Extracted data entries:
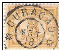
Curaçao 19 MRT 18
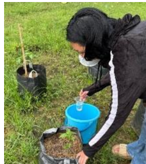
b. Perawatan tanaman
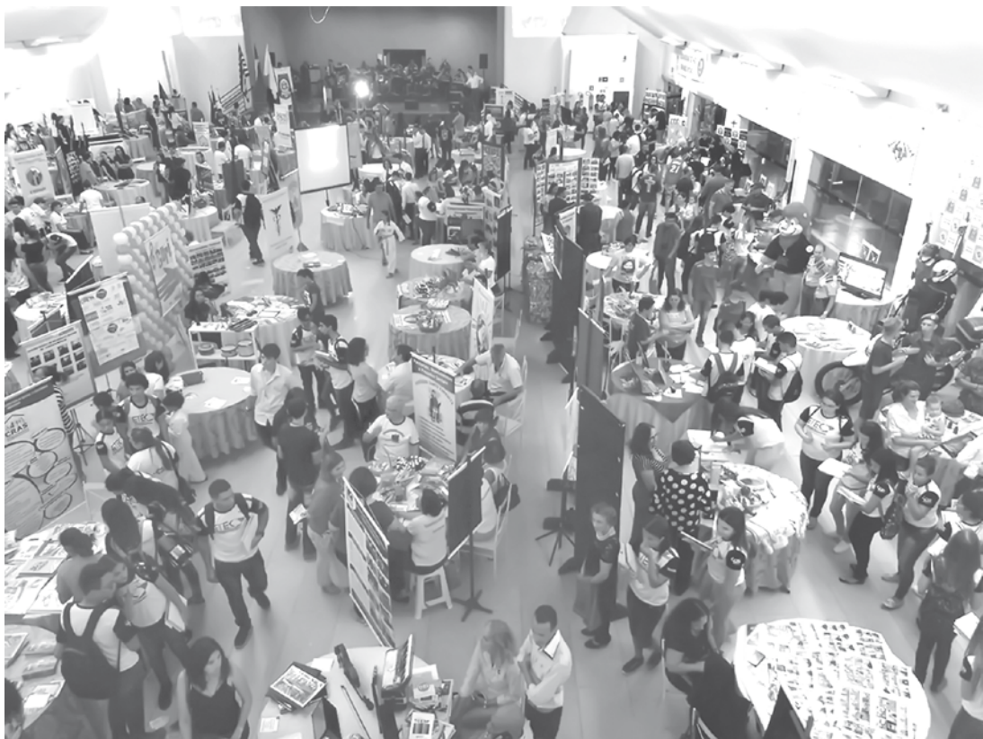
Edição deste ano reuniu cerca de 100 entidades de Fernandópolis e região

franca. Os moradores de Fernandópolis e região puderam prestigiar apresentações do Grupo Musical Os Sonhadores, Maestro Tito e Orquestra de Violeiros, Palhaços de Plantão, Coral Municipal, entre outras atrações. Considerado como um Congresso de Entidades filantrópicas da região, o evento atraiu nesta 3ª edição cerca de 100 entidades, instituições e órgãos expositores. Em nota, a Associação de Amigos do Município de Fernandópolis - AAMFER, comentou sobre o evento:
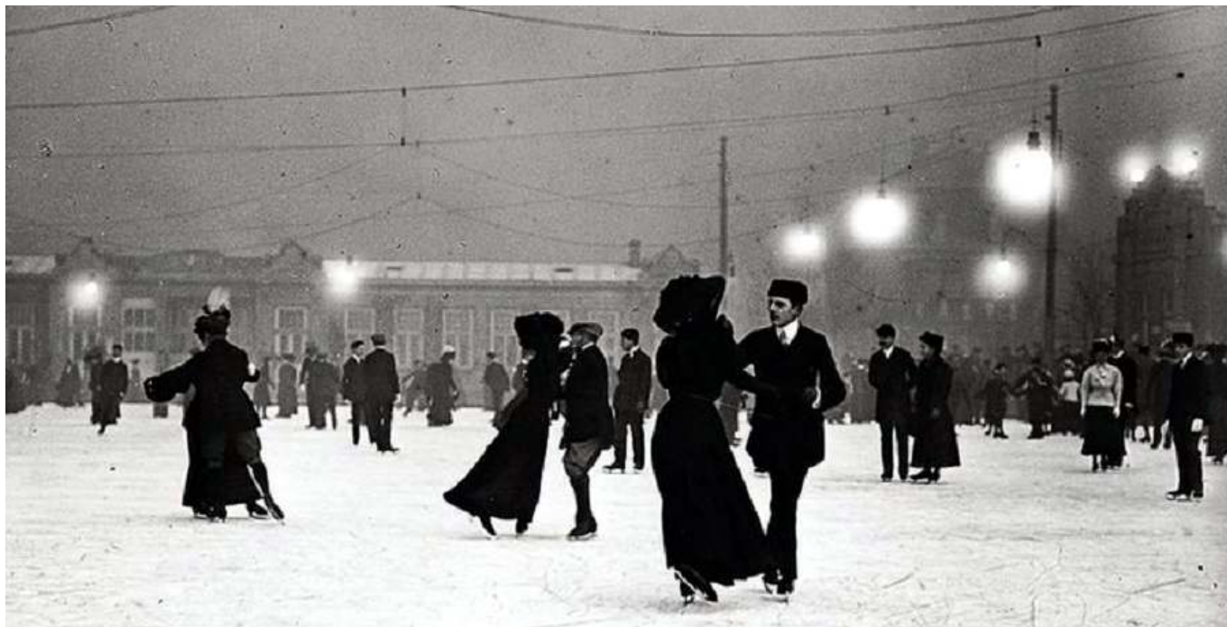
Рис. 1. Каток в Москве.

...

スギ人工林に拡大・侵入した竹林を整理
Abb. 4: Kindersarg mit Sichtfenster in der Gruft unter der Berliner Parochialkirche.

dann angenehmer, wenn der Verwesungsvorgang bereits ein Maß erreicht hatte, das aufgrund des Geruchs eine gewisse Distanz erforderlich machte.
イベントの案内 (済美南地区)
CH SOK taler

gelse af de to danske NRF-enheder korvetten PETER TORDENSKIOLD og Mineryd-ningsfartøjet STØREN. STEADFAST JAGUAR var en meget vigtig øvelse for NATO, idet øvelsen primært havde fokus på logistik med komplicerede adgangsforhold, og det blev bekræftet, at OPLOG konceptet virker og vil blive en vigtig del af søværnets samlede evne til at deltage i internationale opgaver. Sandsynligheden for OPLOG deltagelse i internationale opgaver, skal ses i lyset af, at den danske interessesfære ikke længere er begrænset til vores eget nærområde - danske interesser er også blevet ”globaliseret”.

EXERCISE INSTRUCTIONS: Give exactly the lines above that run from the line with "Curaçao 19 MRT 18" to the line with "Рис. 1. Каток в Москве.", both included, leaving every picture out.

RESPONSE:
Curaçao 19 MRT 18
b. Perawatan tanaman
Edição deste ano reuniu cerca de 100 entidades de Fernandópolis e região

franca. Os moradores de Fernandópolis e região puderam prestigiar apresentações do Grupo Musical Os Sonhadores, Maestro Tito e Orquestra de Violeiros, Palhaços de Plantão, Coral Municipal, entre outras atrações. Considerado como um Congresso de Entidades filantrópicas da região, o evento atraiu nesta 3ª edição cerca de 100 entidades, instituições e órgãos expositores. Em nota, a Associação de Amigos do Município de Fernandópolis - AAMFER, comentou sobre o evento:
Рис. 1. Каток в Москве.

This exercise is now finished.